Manufacturers ‘Forced’ Into Exclusive Agreements
According to lawyers for Temu, the conduct of Shein, which is valued at around $66 billion, violates sections 1 and 2 of the Sherman Antitrust Act, the Clayton Act, as well as the Massachusetts Consumer Protection Law, and further constitutes “common-law tortious interference.”Specifically, lawyers for Temu accuse Shein of having engaged in anti-competitive conduct by “forcing manufacturers” to enter into agreements that create exclusive supplier relationships, and of having threatened manufacturers with “onerous fines and penalties” if they supply products to Temu.
They also argue that Shein forces manufacturers to sign “loyalty oaths certifying that they will not do business with Temu,” but not other competitors, and fining those manufacturers who do supply products to its rival.
“Shein sends numerous false notices of copyright infringement to Temu in order to disrupt sales of products that are offered for sale on Temu. These notices are almost always aimed at products that Temu sells at lower prices than Shein charges for identical or similar products,” the lawsuit states.
The alleged behavior and tactics by Shein have led to 10,000 products being pulled from Temu’s site, according to the lawsuit.
“Shein’s scheme harms consumers and competition by raising prices to consumers, restricting choice and innovation, and impairing the expansion of the ultrafast fashion market in the United States,” lawyers for Temu concluded.
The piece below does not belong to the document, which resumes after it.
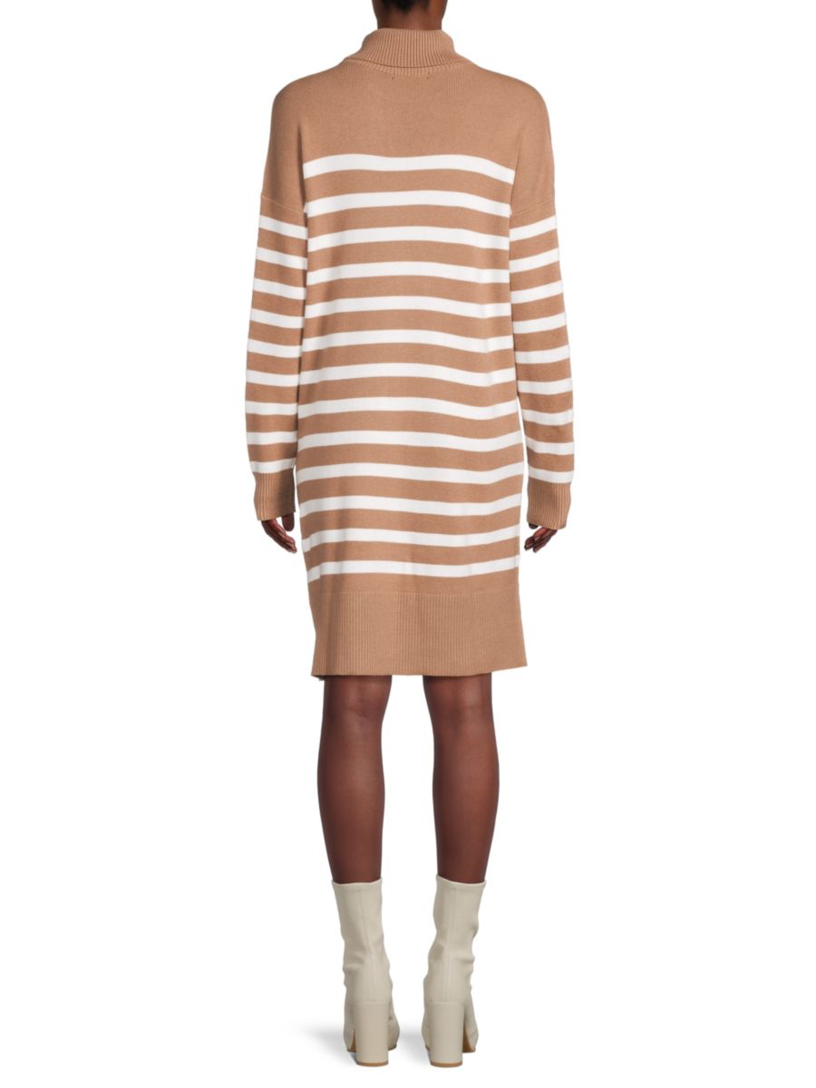 ЭКСКЛЮЗИВНО В SAKS OFF FIFTH. Это шикарное мини-платье-свитер с классическим полосатым узором, водолазкой и спущенными плечами обеспечивает комфортную посадку.

Temu is asking the court to declare Shein’s conduct illegal and block it from making similar arrangements with manufacturers in the future. The clothing retailer is also seeking an unspecified amount in monetary damages.
Temu has denied the accusations.
In a statement sent to Reuters on Wednesday, Temu said it had to take legal measures against Shein to defend its and its merchants’ rights due to “escalating attacks” from the company.
Shein’s Legal Woes
Temu’s lawsuit is not the only one against Shein, which has repeatedly faced scrutiny over its alleged connection to human rights abuses, unethical labor practices, and plagiarism claims.A lawsuit filed in the United Stetson in July, for example, by independent designers Krista Perry, Larissa Martinez, and Jay Baron alleges that Shein produced and sold their designs without permission.
Shein, again, claims that lawsuit is without merit and has vowed to vigorously defend itself in court.
The company also recently came under fire for funding a fully paid trip to one of its factories based in Guangzhou, China, for a group of American fashion influencers. Critics described the trip, which portrayed factory workers as earning a decent wage and working reasonable hours under good conditions, as Chinese “propaganda.”
A 2022 undercover documentary by the United Kingdom’s Channel 4 found Shein factory employees working up to 18 hours a day with just one day off every month and earning next to nothing.
A separate report published in 2021 by Public Eye found that some Shein workers in Guangzhou were working 75-hour work weeks with one day off a month in “informal” workshops with no emergency exits and barred windows.
Like Shein, Temu has also been accused of using forced labor by Uyghurs and other Muslim minorities to make its products.
“These firms’ commercial success has encouraged both established Chinese e-commerce platforms and startups to copy its model, posing risks and challenges to U.S. regulations, laws, and principles of market access,” the report read. “Given the rapid increase in the market share of Shein and other Chinese e-commerce firms in the United States, the U.S. government should be vigilant in ensuring that these firms adhere to U.S. laws and regulations and are not granted unfair advantages over U.S. firms.”